Southern right whales in Addo Marine Protected Area
By Lloyd Edwards

Friday, 28th August 2020

After receiving news of a Southern right whale off the mouth of the Swartkops River, we decided to offer the Port Elizabeth locals a chance to come on an exploratory cruise. As we were not sure that we would be able to locate the whales, we offered the cruise for a donation. We very quickly filled up our catamaran “My China” to capacity and headed off towards the last position they were seen.

Nothing was sighted at Swartkops River, nothing at Coega and nothing at the islands. We were getting desperate and called Karl Botha from Sundays River Adventures who sent his skipper Adam Mereki down to the river mouth. Adam located the Southern rights close to the shore. We didn’t tell our passengers so they could “discover” them for themselves. It was indeed a surprise as we saw four whales, two of which had calves. We did not approach two of them closely enough to see if they also had calves. Time will tell. The Port Elizabeth folk loved every minute of our allotted time with these giants. The atmosphere on the boat was joyous indeed with the clicking of cameras and excited chatter.

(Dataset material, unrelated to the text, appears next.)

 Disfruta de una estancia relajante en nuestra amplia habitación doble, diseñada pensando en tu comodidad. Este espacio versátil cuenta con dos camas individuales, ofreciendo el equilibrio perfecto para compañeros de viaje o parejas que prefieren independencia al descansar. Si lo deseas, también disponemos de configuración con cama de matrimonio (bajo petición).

The whales get their names from the fact that they were from the Southern Hemisphere and were the right whales to hunt. They average 14 metres with a maximum of 15, 5 and weigh up to 45 tons. They were slow moving and stayed close to the shore, well within the reach of land based whalers. Unlike other whales, they floated when dead and produced massive amounts of oil, meat and whalebone (baleen) of superior quality to other whales and were thus highly profitable. So much so, that they were reduced to around 300 individuals by 1920 and given international protection in 1935. Since then they have increased at 7% per year and now South Africa has a population of around 7 500 out of a Southern hemisphere population of 15 000. The pre exploitation population was estimated at between 55 000 and 70 000, so we still have a long way to go!

From our records over the last 23 years, the earliest they enter the bay is May and the latest they leave is November. Their heads comprise a third of body length and they lack a dorsal fin. They can be distinguished from other whales in that they have a V shaped blow, whereas other whales have an upright one. Their heads are covered with patches of rough calcified skin called callosities. Although grey, they look white due to the whale lice and barnacles that reside on them. They form a unique pattern on each whale which is very useful in identifying individuals. Their pectoral fins are short and powerful and allow them to maneuver in shallow water.

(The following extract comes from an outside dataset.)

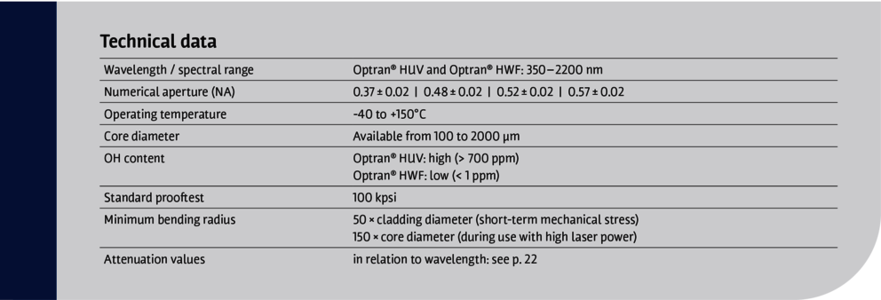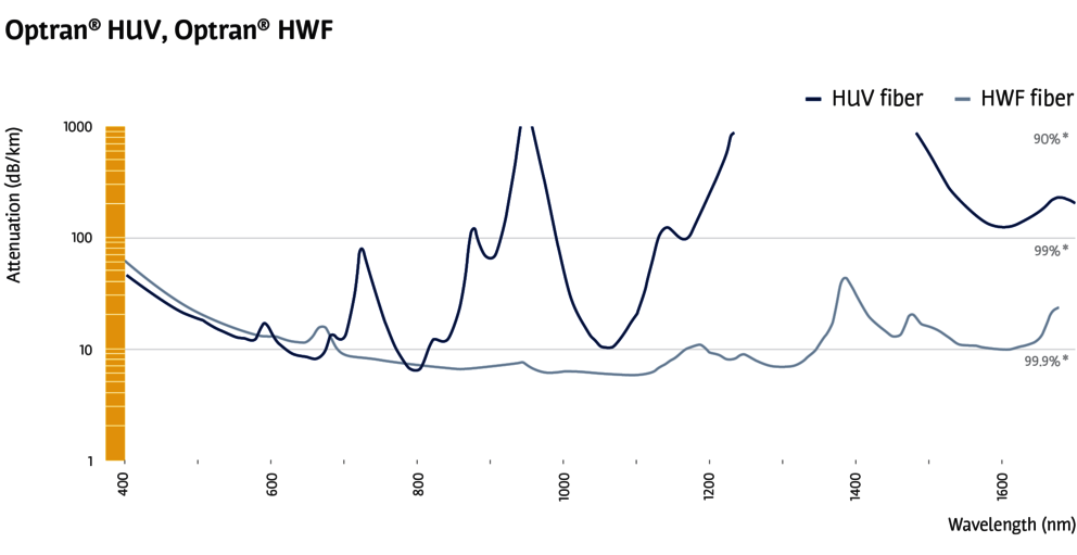 CeramOptec®提供 Optran® HUV/HWF 光纤作为石英/石英光纤的经济型替代品。它们提供高数值孔径值、最小弯曲损耗和高效连接,适用于各种应用。
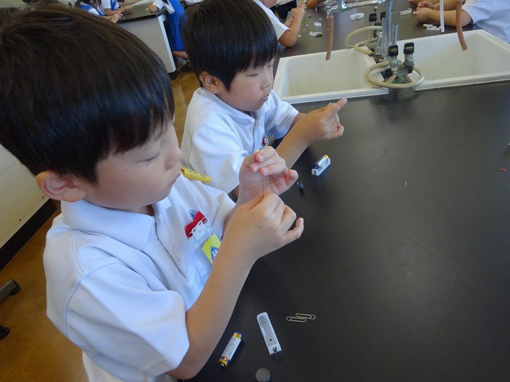 「ミニモーター」は、電池、コイル、紙ヤスリ、クリップ、磁石、テープを用いて作りました。実際にうまくいくと、コイルがくるくると回転する作りになっています。しかし、なかなか回らなかったり、揺れるだけだったりと上手に実験できていませんでした。失敗しながら、作り直しを行って、最後の方には、綺麗に回って「回った!」や「やったー!」など喜んでいる声が上がっていました。

The area around Sundays River mouth has become a popular spot for mothers and their newborn calves in recent years. All the noise associated with ship to ship bunkering around the new port at Coega and North End has forced these animals to relocate to a quieter area. Thank goodness for the newly proclaimed Addo Marine Protected Area. This year the calving season was spot on time for the peak at the end of August. This is where nursing takes place and the newborn rapidly gains weight from its mother's nutritious milk. A whale’s milk contains 43% fat and has the consistency of toothpaste to make sure it is not diluted by the salt water. Compare this to humans and cow’s milk which is just over 3%. The calves are born head first and size can vary from 4, 5 to 5 metres. Although they don’t normally stay in the bay for longer than two months, they are fed for 3 to 4 months while moving westwards along our coast, growing at 2, 5 cm a day.

Recent studies suggest that the reason the pairs stay close to the breakers is so it makes their communication undetectable to predators like killer whales. The surf apparently drowns out their whispers to each other. When they are around 8 metres in length they are strong enough to take the long swim back to their feeding grounds some 2000 km away. The calves are weaned at 6 months although they can remain with their mothers for a year.